Yo creía que los vinos están a un precio imposible en España hasta que Cristina, mi mujer, y yo hemos ido a California. Bien es verdad que al lugar más pijo, caro y, en bastantes sentidos, fuera de medida como es Orange County. Pero en todos los restaurantes en los que se nos ha ocurrido entrar lejos ya de allí, en San Francisco, por ejemplo, sucedía lo mismo: precios bárbaros para una botella ya sea de Merlot, Cabernet, Zifandel o Pinot Noir, que la variedad no alivia al bolsillo. Lo peor de todo ha sido entrar en un supermercado. Hace treinta años, cuando estuve de profesor invitado en la universidad de California pero en otro campus, el de Davis, los supermercados vendían pocas marcas de cerveza más allá de la Budweiser y casi ningún vino. Hoy se ofrecen estanterías completas con todo tipo de marcas y, por lo que hace al vino, a precios también bárbaros. Con el añadido de que nos dio por comprar un Pinot Noir que costaba cuarenta dólares, por aquello de hacer un prueba, y tuvimos que tirarlo al fregadero.
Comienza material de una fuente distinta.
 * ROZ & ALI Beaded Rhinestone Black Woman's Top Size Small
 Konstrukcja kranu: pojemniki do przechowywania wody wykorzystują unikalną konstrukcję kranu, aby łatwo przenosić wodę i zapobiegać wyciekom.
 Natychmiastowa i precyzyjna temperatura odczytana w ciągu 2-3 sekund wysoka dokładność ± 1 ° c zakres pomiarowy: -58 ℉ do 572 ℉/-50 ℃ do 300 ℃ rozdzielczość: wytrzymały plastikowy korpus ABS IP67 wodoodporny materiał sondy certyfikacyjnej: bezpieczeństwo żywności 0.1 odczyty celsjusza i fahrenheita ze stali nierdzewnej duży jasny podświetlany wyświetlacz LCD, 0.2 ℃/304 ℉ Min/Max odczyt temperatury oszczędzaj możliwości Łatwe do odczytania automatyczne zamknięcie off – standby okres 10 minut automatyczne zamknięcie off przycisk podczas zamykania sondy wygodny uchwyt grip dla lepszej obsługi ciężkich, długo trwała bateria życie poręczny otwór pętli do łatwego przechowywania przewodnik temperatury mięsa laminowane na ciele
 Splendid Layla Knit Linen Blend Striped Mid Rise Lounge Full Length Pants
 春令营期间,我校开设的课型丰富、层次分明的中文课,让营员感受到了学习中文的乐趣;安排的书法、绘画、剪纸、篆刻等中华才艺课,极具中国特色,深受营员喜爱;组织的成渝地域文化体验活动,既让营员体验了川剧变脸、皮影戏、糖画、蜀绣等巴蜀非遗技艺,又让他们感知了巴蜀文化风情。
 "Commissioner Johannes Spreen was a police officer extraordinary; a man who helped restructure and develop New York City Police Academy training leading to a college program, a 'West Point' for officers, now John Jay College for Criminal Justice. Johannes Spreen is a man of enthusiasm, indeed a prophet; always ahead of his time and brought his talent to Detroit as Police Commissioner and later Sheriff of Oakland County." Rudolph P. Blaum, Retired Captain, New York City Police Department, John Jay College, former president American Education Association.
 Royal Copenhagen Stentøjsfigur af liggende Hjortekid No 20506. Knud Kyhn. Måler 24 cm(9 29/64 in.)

Quizá basta con decir que ni siquiera tenía tapón de corcho. Después de diez minutos de pelearme intentando descorchar la botella me di cuenta de que llevaba uno de esos tapones de rosca como los de la Coca-Cola familiar de antes.
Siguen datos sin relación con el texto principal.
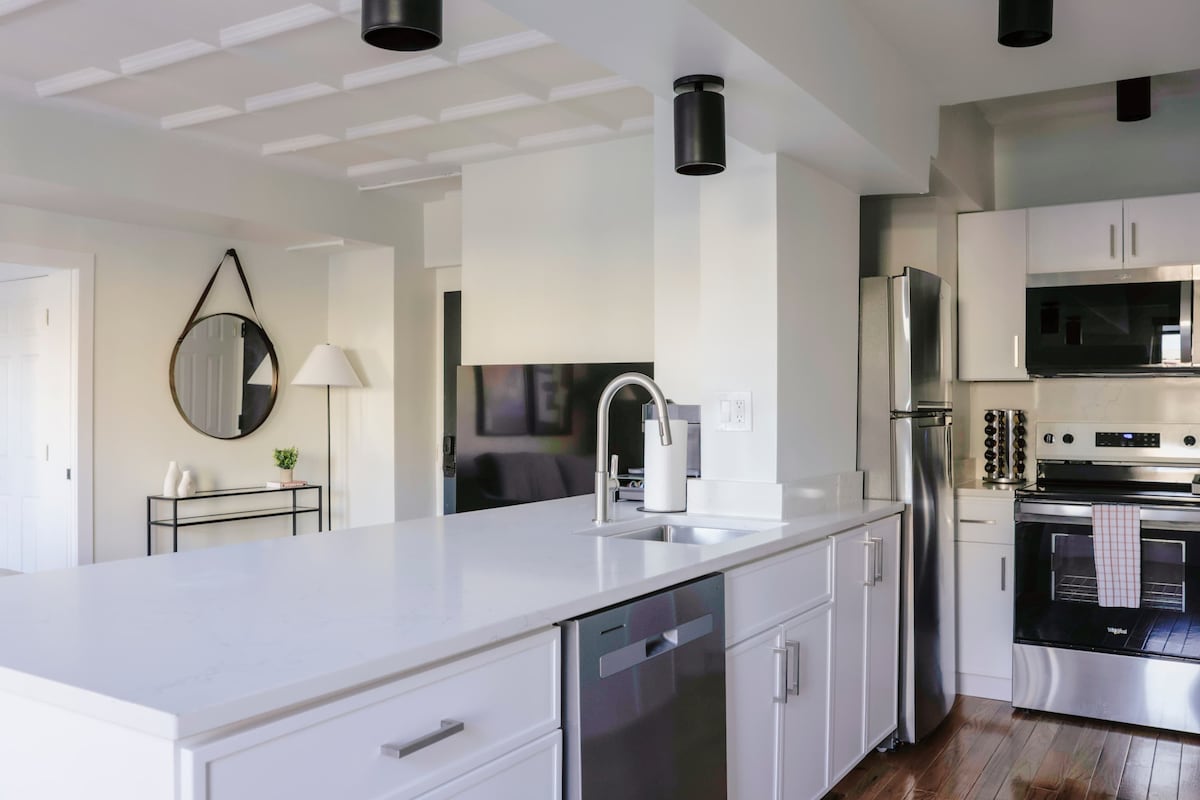 Mėgaukitės stilingu potyriu šiame centre esančiame būste! ✨🏙️ Stulbinantis 1000 kv. pėdų modernus 2 miegamųjų, 2 vonios kambarių kambarys - puikiai tinka verslo keliautojams ir šeimoms, ieškančioms stilingo pabėgimo Čikagos centre. 🔥 Terasa ant stogo su kepsnine 🚗 Nemokama įėjimo/išėjimo automobilių stovėjimo aikštelė (5 min. pėsčiomis iki garažo) 🏠 2 miegamieji | 2 vonios kambariai 🛏️ 2 dvigulės lovos ir miegamoji sofa (sofa-lova - 1 miegamasis) 🛌 2 pripučiami pripučiami čiužiniai 👶 Nešiojama lovelė (mini kelionių kompanionui) Įtraukta 🎬 „Netflix“, „Hulu“, „Disney+“ ir „Prime“
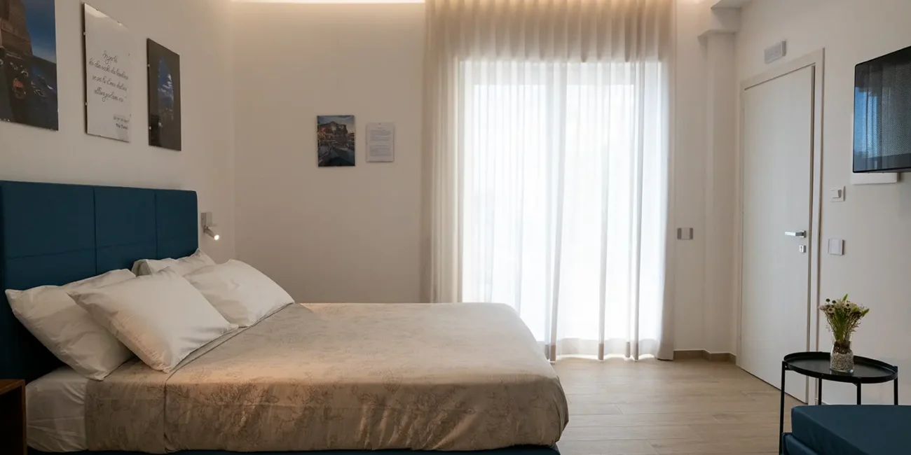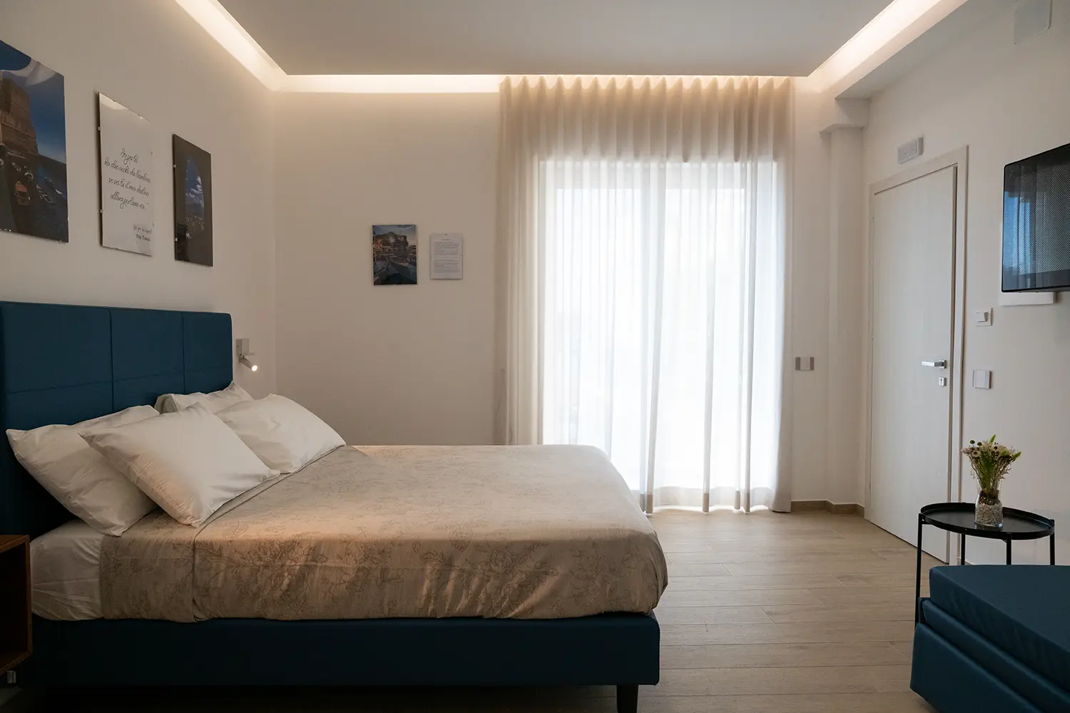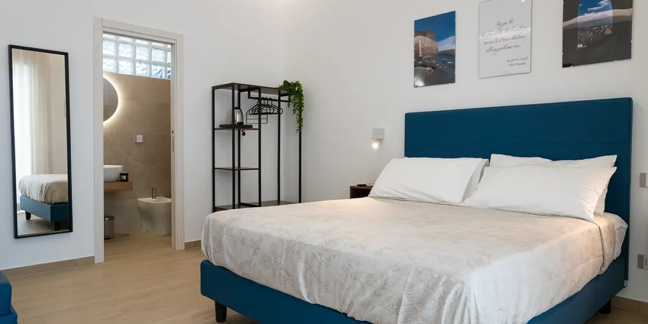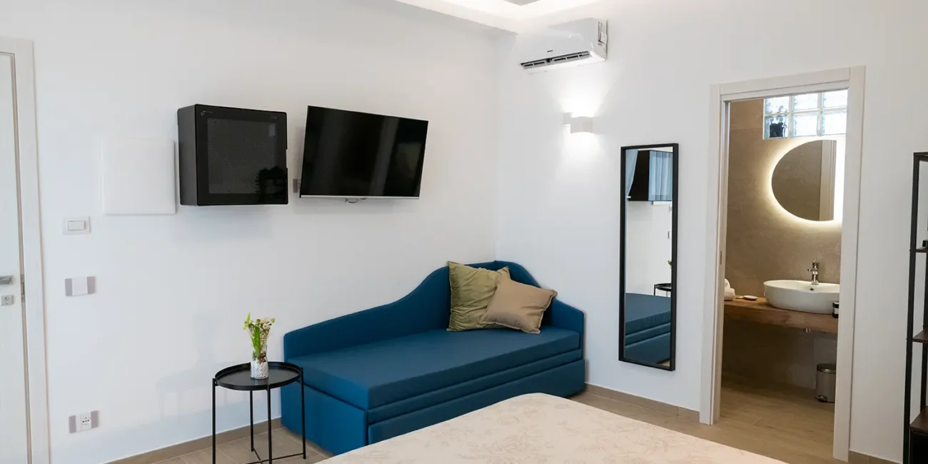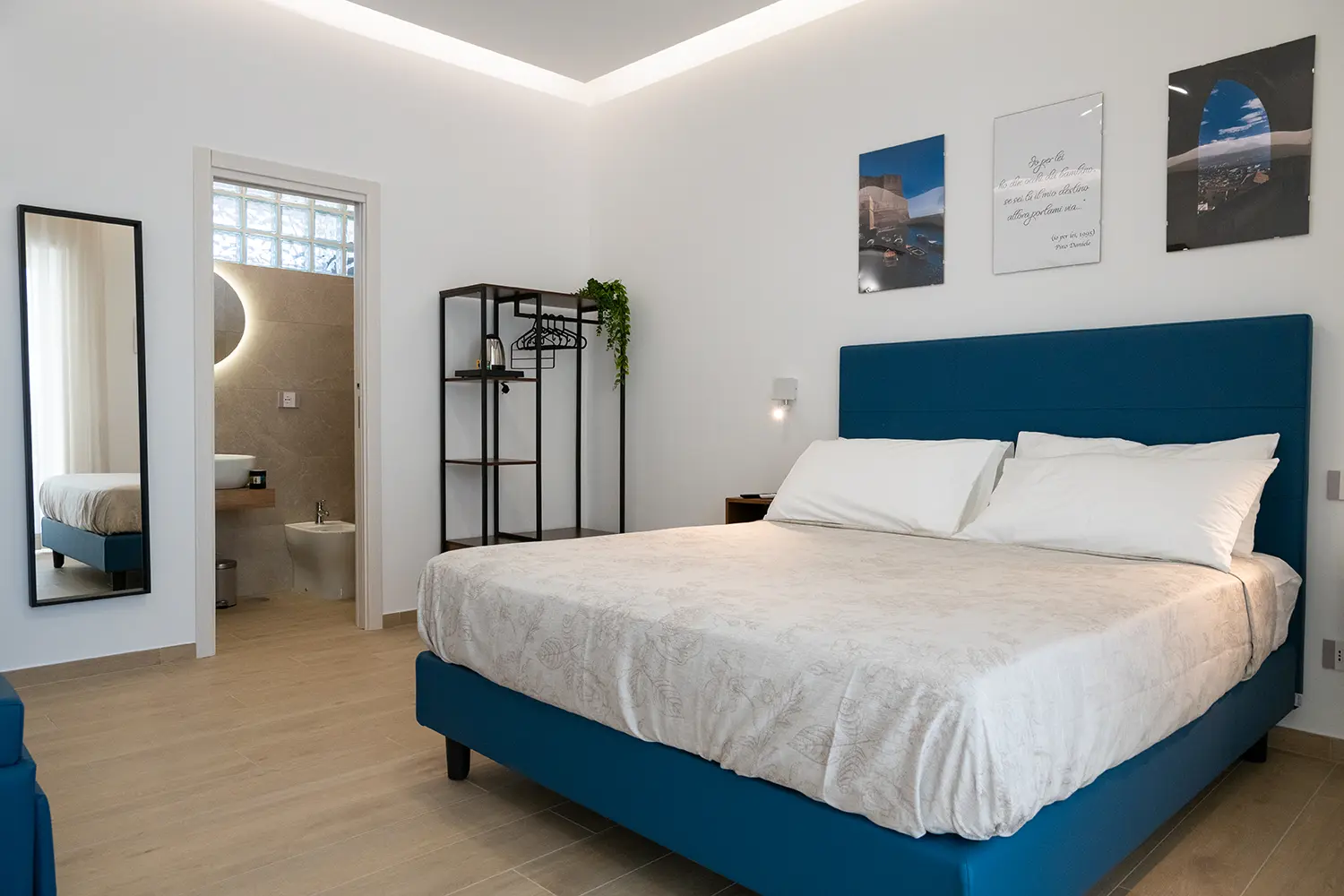Comprende letto matrimoniale king size e divano, ampio bagno privato, tv, condizionatore, frigobar, armadio e bollitore.

Pero al buscar un vino que hubiese al menos lamido algo el corcho nos sucedió lo mismo: al fregadero. Era un Merlot monovarietal esta vez pero habría dado mejor la talla como vinagre. Teniendo en cuenta que sospechamos de los burdeos franceses, estábamos ya dispuestos a pasarnos a las cervezas Coronita o Modelo mejicanas cuando casi de casualidad nos topamos, en la parte inferior de un estantería medio escondida, con una reserva de Marqués de Riscal tinto ¡a quince dólares! No hace falta decir qué vino bebimos en nuestro apartamento de Irvine desde ese día. Lástima que en los restaurantes jamás encontrásemos ninguna botella española.

Creo que el episodio va más allá de la anécdota para instalarse en un problema serio de las exportaciones de nuestro país. Con el aceite sucede lo mismo: todos son italianos en Orange County. Pero lo del vino clama al cielo. Hemos aprendido enología, sí, pero no sabemos aún nada de marketing.